This definition uses hyper-reals and nonstandard analysis.
Let $k^*(x)$ be the natural extension of $k(x)$. Let $f$ and $g$ be functions.
$f = O(g) := \frac {f^*(H)} {g^*(H)}$ is finite for all positive unlimited $H$.
$f=\Omega(g) := \frac {g^*(H)} {f^*(H)}$ is finite for all positive unlimited $H$.
$f=\Theta(g):=f=O(g) \wedge f=\Omega(g)$
$f=o(g):=\frac {f^*(H)} {g^*(H)}$ is infinitesimal for all positive unlimited $H$.
$f=\omega(g):=\frac {g^*(H)} {f^*(H)}$ is infinitesimal for all positive unlimited $H$.
I am not familiar with the Omega- and Theta- notations, but the big-O and little-o definitions are correct. There is a bit of an ambiguity in your notation since you didn't specify where $x$ tends to exactly, but I assume $x$ is increasing without bound.
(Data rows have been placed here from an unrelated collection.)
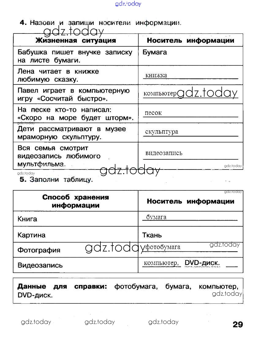 На страницах сайта gdz.today вы найдете учебный и вспомогательный материал, направленный на улучшения знаний школьной программы. ГДЗ - онлайн мир знаний §6. Носители информации Решение к части 1. Страницы стр. 29 Рабочей тетради по Информатике для 2 класса Матвеева, Челак Бином УМК 2012
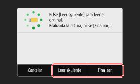 Si desea seguir escaneando originales, colóquelos sobre el cristal de copia y pulse [Leer siguiente].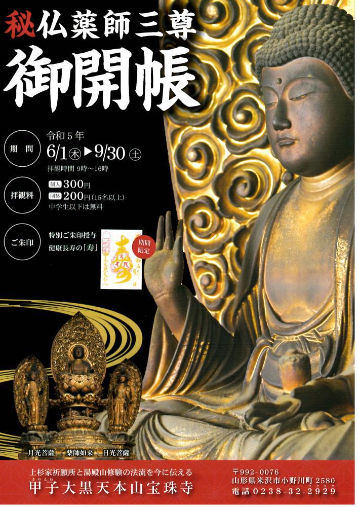 ◆◆◆秘仏薬師三尊 御開帳◆◆◆西川町大井沢にあった湯殿山四ヶ寺のひとつ大日寺より遷座された薬師三尊の初めてのご開帳です。薬師如来は左手に薬壺を持っているのが特徴で、人々の病苦や災難を除くとされます。左右には日光菩薩と月光菩薩を配する三尊形式の仏像です。この尊い御縁にご参拝いただき、皆様の無病息災を祈念ください。 【期 間】令和5年6月1日(木)〜9月30日(土) 拝観時間:9時〜16時※拝観希望者は受付所にお越しください。 【場 所】甲子大黒天本山宝珠寺 山形県米沢市小野川町2580 【拝観料】個人:300円 団体:200円(15名以上) ※中学生以下は無料 【ご朱印】特別ご朱印授与(期間限定) 健康長寿、金の「寿」 ◆◆◆夜間特別拝観「慈悲のあかり回廊」◆◆◆【日 程】7/15(土)・7/16(日)・7/29(土)・7/30(日) 8/5(土)・8/6(日)・8/19(土)・8/20(日) 9/2(土)・9/3(日)・9/16(土)・9/17(日)・9/30(土)※拝観時間 19時〜21時 【料 金】 個人500円/団体300円/中学生まで無料 【ご朱印】特別ご朱印授与(夜間拝観限定) 健康長寿、銀の「寿」 【お問い合わせ】甲子大黒天本山宝珠寺〒992-0076山形県米沢市小野川町2580TEL:0238-32-2929 ※詳しくは甲子大黒天ホームページをご覧ください。
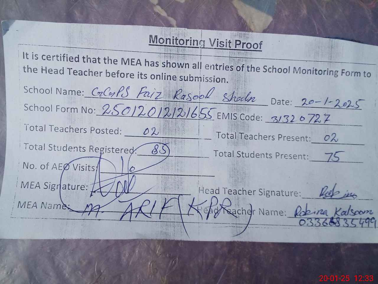 | EMIS Code: 31320727 | Name of School: GGPS FAIZ RASOOL SHAH | |||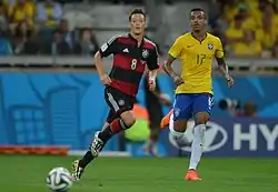 Il marque son premier but en sélection lors de sa troisième apparition contre l’Afrique du Sud, le [51]. Le , dans un match décisif en Russie, il permet à Miroslav Klose d'inscrire le seul but du match et d'envoyer l'Allemagne à la Coupe du Monde.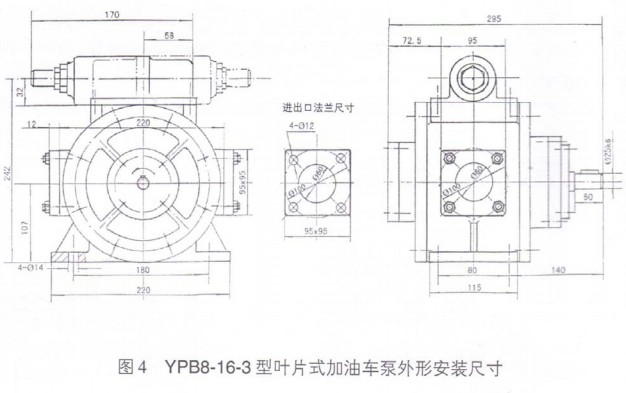 ![]() 圖 4 YPB8-16-3 型葉片式加油車泵外形安裝尺寸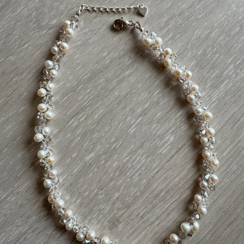 Kors halssmykke i 925 sølv og schwarovski steiner. Brukt kun 2 ganger. Kjøpt for vel 10 år siden hos Mestergull i Bergen.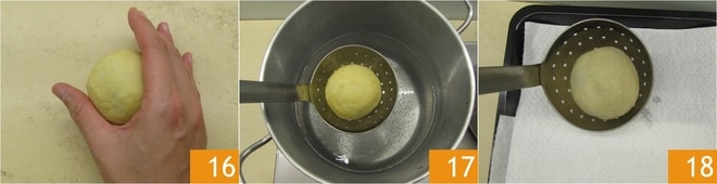 Roulez la boule sur le plan de travail pour la rendre lisse et uniforme 16. Pendant que vous répétez la même opération avec le reste des prunes, portez à ébullition une casserole d'eau légèrement salée. Plongez les gnocchis à l'aide d'une écumoire 17 et laissez mijoter environ 5 minutes, sans jamais remuer. Lorsqu'ils remontent à la surface, égouttez les gnocchis et transférez-les sur du papier absorbant 18.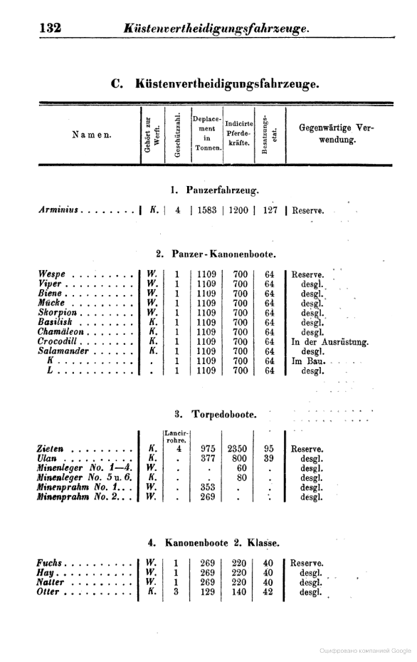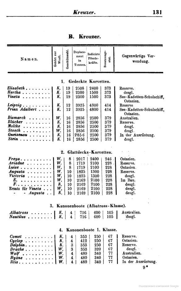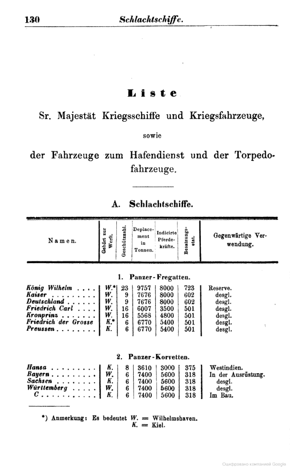 Корабельный состав флота Германии на август 1880 года

To respond to robjohn's question: as far as comparison between the traditional and the hyperreal approaches, the little-o and big-O example is not particularly enlightening. A better example is the definition of continuity of a function $f$. You are probably aware of the fact that a majority of undergraduates never fully master the traditional $\epsilon,\delta$ definition of continuity. It may come as more of a surprise that Cauchy never defined continuity using $\epsilon,\delta$. In fact, Cauchy defined continuity in terms of the property that an infinitesimal $x$-increment necessarily produces an infinitesimal change in $y=f(x)$. This is what the hyperreal definition says, as well.